January 09, 2026|Franchise Frontlines

Doe (J.T.A.) v. Wyndham Hotels & Resorts, Inc.: District Court Transfers TVPRA Claims Against Florida Franchisee for Lack of Personal Jurisdiction

January 9, 2026 | United States District Court for the District of New Jersey | Opinion and Order

Executive Summary

In Doe (J.T.A.) v. Wyndham Hotels & Resorts, Inc., 2026 WL 73727 (D.N.J. Jan. 9, 2026), Judge Susan D. Wigenton granted in part a motion to dismiss filed by a Florida Ramada franchisee in a Trafficking Victims Protection Reauthorization Act (“TVPRA”) case, holding that the District of New Jersey lacked personal jurisdiction over the franchisee. Although the franchisor defendants were headquartered in New Jersey, the alleged trafficking occurred entirely at a Florida hotel. The court concluded that the franchisee’s use of franchisor systems, adherence to brand standards, and ongoing contractual relationship with a New Jersey-based franchisor were insufficient to establish specific jurisdiction. Rather than dismissing the claims, the court transferred the case to the Middle District of Florida. The ruling provides meaningful guidance on personal jurisdiction limits in franchise-based TVPRA litigation.

Relevant Background

Plaintiff alleged that from 2013 through 2015 she was trafficked at a Ramada-branded hotel in Orlando, Florida. She brought claims under the TVPRA, 18 U.S.C. §§ 1591 and 1595, asserting both perpetrator and beneficiary liability theories against Wyndham Hotels & Resorts and related franchisor entities headquartered in New Jersey, as well as the Florida-based franchisee that owned and operated the Orlando property.

The franchisee moved to dismiss for lack of personal jurisdiction and improper venue under Rules 12(b)(2) and 12(b)(3). The franchisee was a Florida limited liability company with its principal place of business in Florida, and the alleged trafficking conduct occurred exclusively at the Florida hotel.

Plaintiff argued that specific jurisdiction existed in New Jersey because the franchisee entered into a franchise agreement governed by New Jersey law, used New Jersey-based reservation and payment systems, and operated under brand standards developed and enforced by the franchisor in New Jersey.

Decision

The court first addressed general jurisdiction and quickly concluded that the franchisee was not “at home” in New Jersey. The franchisee was incorporated and maintained its principal place of business in Florida. Under Daimler AG v. Bauman, 571 U.S. 117 (2014), that was dispositive.

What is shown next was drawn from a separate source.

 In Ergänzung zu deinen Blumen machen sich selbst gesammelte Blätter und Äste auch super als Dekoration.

Turning to specific jurisdiction, the court applied the familiar three-part test: (1) purposeful availment; (2) claims arising out of or relating to forum contacts; and (3) fair play and substantial justice.

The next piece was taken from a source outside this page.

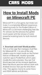 Install NEW CARS available for MINECRAFT PE. Every MOD has title, description , screenshot and download button. Search any MODS for MCPE you want just browse favorite mod and press DOWNLOAD ... Done!

The court acknowledged that entering into a franchise agreement with a New Jersey-based franchisor constituted purposeful availment under Burger King Corp. v. Rudzewicz, 471 U.S. 462 (1985). However, the second prong—whether the claims arose out of or related to the forum contacts—proved decisive.

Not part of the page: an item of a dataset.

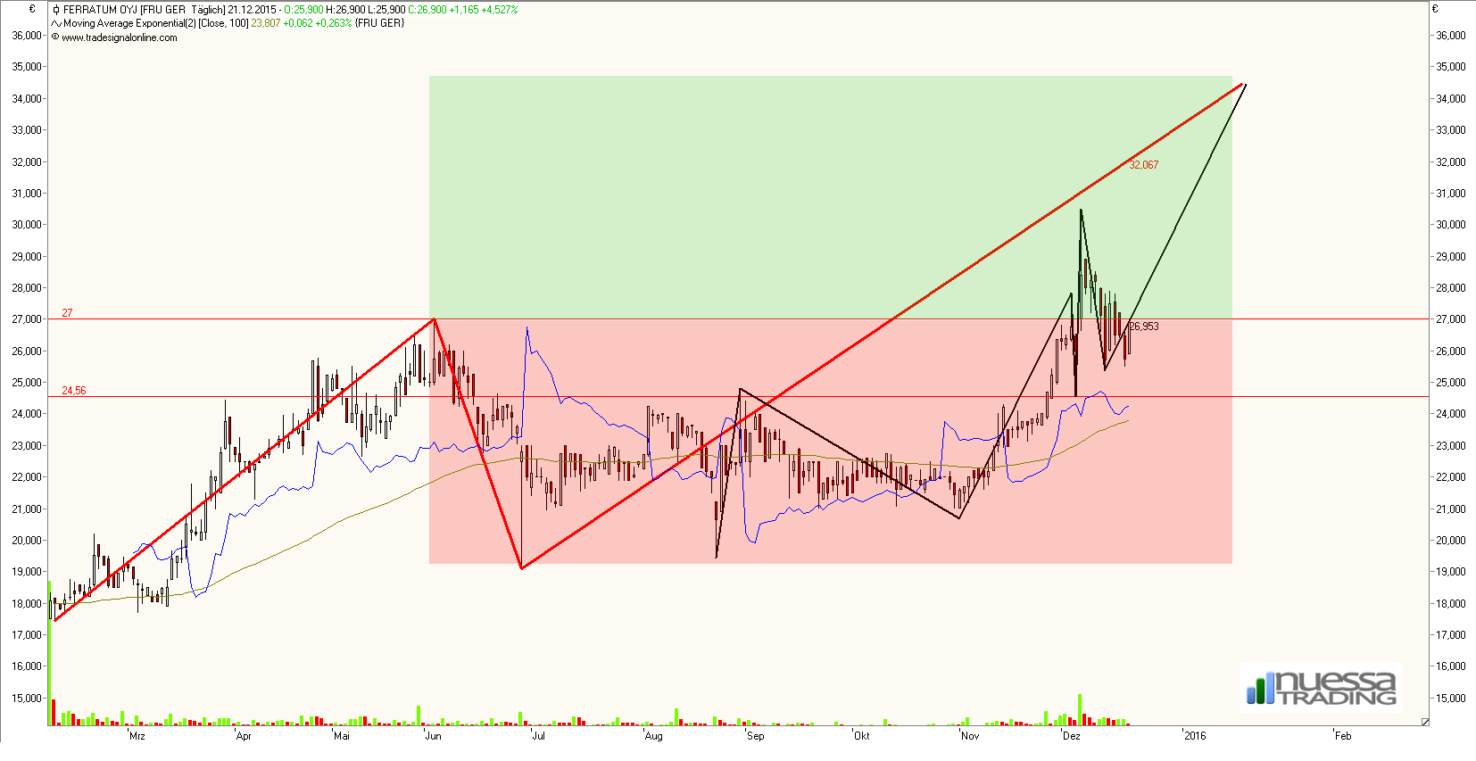 Mit meinem Wikifolio (http://www.wikifolio.com/de/130285) nutzte ich die Chance zum Einstieg und bin mit einem Durchschnittskurs von 27,71 € mit dabei. Als Ziel sehe ich zunächst die 34 €. Absichern werde ich meine Position einfach unterhalb dieser „Monsterkerze“ bei 24,30 €.

Relying heavily on Bristol-Myers Squibb Co. v. Superior Court, 582 U.S. 255 (2017), and Walden v. Fiore, 571 U.S. 277 (2014), the court held that the relevant inquiry focuses on the defendant’s own contacts with the forum state that are tied to the litigation. The alleged trafficking conduct—room rentals, supervision, and day-to-day operations—occurred entirely in Florida. The franchisee’s use of franchisor reservation systems, payment processing platforms, and brand policies originating in New Jersey did not create the necessary nexus between New Jersey and the plaintiff’s injury.

The court characterized the connection to New Jersey as “too attenuated,” emphasizing that jurisdiction cannot be based solely on a franchisee’s contractual relationship with a franchisor headquartered in the forum state.

Having determined that personal jurisdiction was lacking and that venue was improper under 28 U.S.C. § 1391, the court elected to transfer the case to the Middle District of Florida pursuant to 28 U.S.C. § 1406(a) rather than dismissing it. In the interest of judicial economy, the court also transferred the claims against the franchisor defendants to Florida.

Importantly, the court did not reach the Rule 12(b)(6) merits arguments.

Looking Forward

This decision reinforces several procedural guardrails that are particularly relevant in hospitality and franchise-based TVPRA litigation.

First, routine franchise system interactions—reservation systems, centralized payment processing, data reporting, brand standards, and contract governance clauses—do not automatically establish specific personal jurisdiction over a franchisee in the franchisor’s home state. The constitutional inquiry remains focused on whether the plaintiff’s claims arise out of the defendant’s own forum-directed conduct.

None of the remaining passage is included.